The OIG did not overlook or ignore the fact that IPD provided other services to
Fontbonne University under the terms of the agreement. In our draft audit report, we
acknowledged that IPD provided additional services, such as accounting. Since it was
not within the scope of our audit, we did not determine the extent of additional services
under the agreement that were actually provided by IPD at the request of Fontbonne and
at IPD’s cost. We did verify that the revenue to IPD was generated only by the success in
securing enrollments for which IPD was performing recruiting services. This constitutes
the statutory violation of providing a commission, bonus, or other incentive payment
based directly or indirectly on the success in securing enrollment.
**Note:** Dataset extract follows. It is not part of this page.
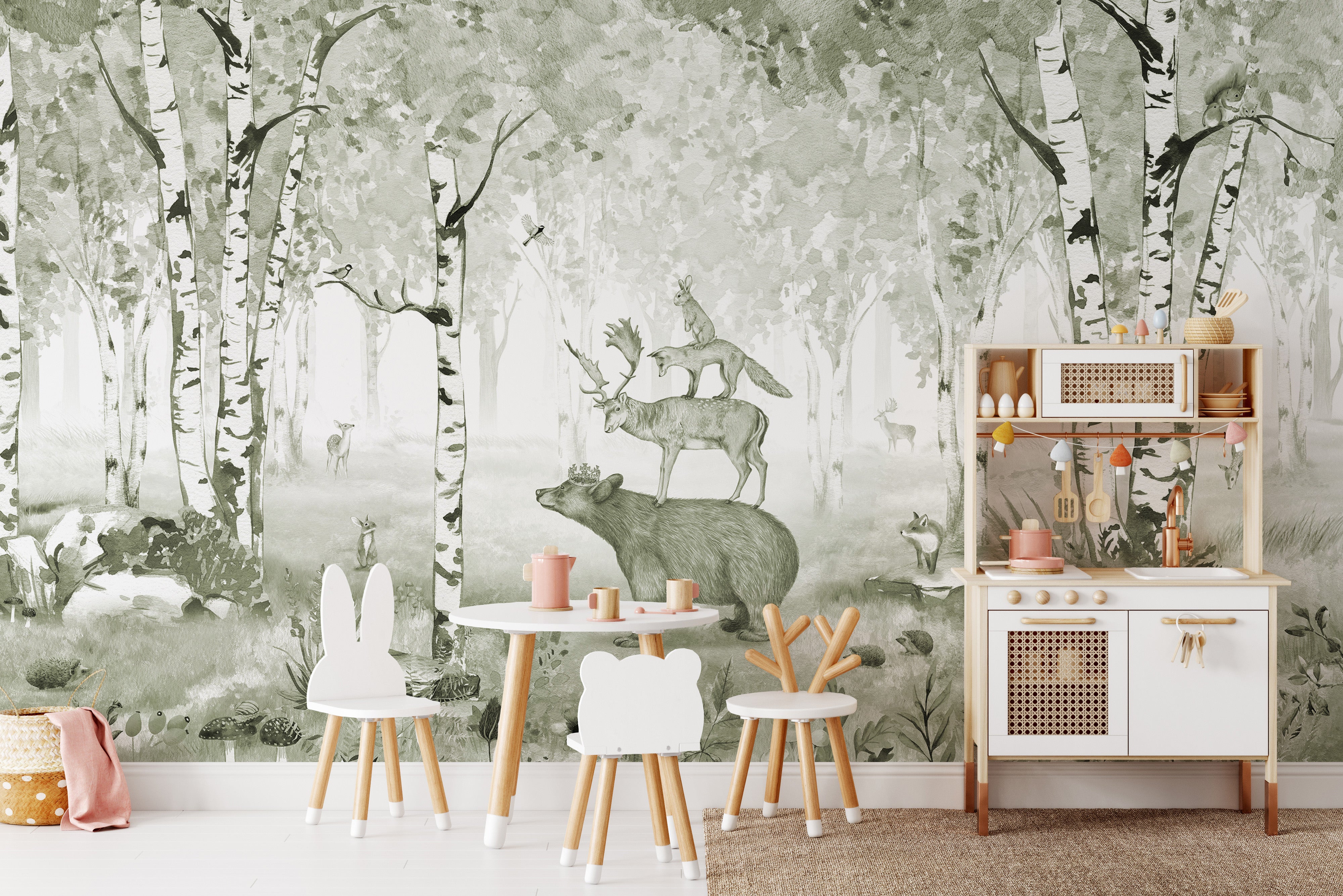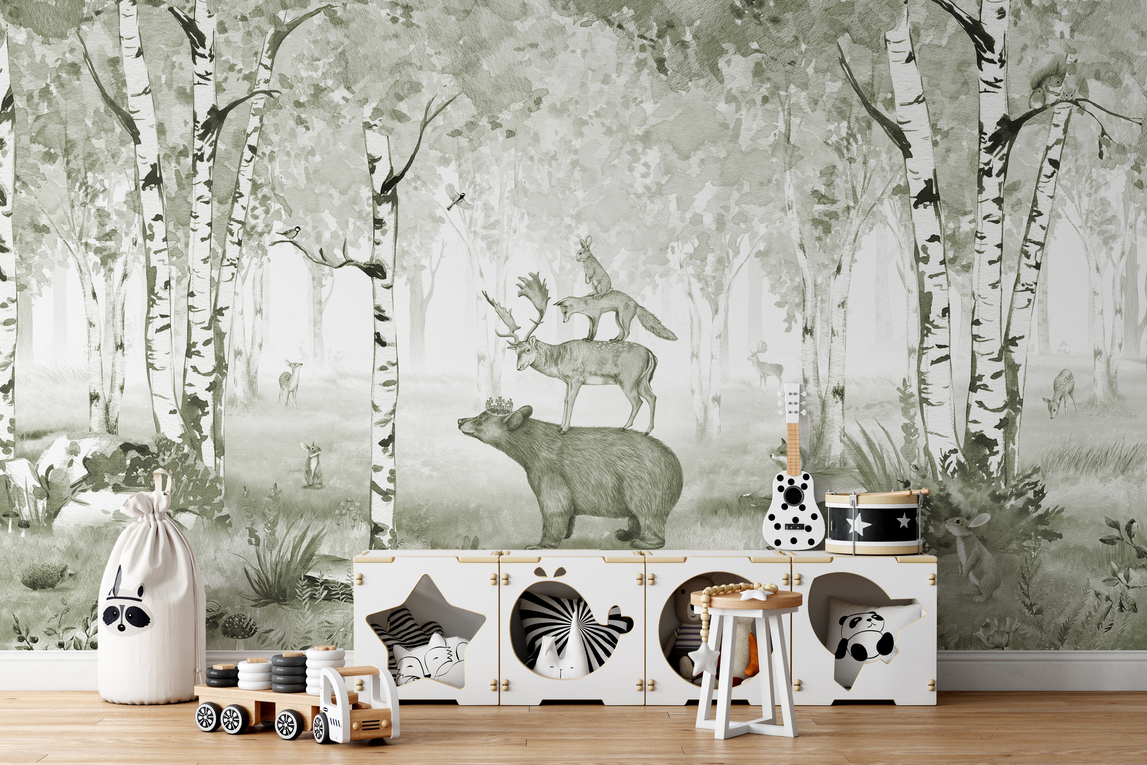 Green bear king mural with woodland creatures and birch trees

While we recognize that IPD logically had to incur expenses to provide the program
accounting services, and any additional services that may have been provided by IPD,
these expenses are not relevant in determining whether the structure of the revenue
allocation is a violation of the HEA. No compensation was to be provided to IPD unless
IPD was successful in recruiting and securing student enrollment. The agreement also
included a minimum enrollment guarantee that, if not achieved, would result in a
reduction in revenue to be allocated to IPD, despite other services that might have been
provided. This further emphasizes that the revenue stream is completely generated by,
and dependent on, student enrollment.

Fontbonne does not dispute that the payments it made to IPD were based on a percentage
of the tuition and fees paid by students enrolled in the Options program. Fontbonne
likewise does not dispute that IPD was responsible for recruiting students. Nor does
Fontbonne dispute that some portion of the amount it paid to IPD was directly related to
IPD's success in recruiting students for enrollment in the Options program. Our audit
report did not focus on what other services may have been provided by IPD because once
IPD became responsible for recruiting students, even among other activities, and received
compensation from Fontbonne based on the number of students enrolled in the program,
Fontbonne was in violation of the HEA.

The HEA at § 487(a)(20) states:

     The institution will not provide any commission, bonus, or other incentive
     payment based directly or indirectly on success in securing enrollments or
     financial aid to any persons or entities engaged in any student
     recruiting . . . . [Emphasis added.]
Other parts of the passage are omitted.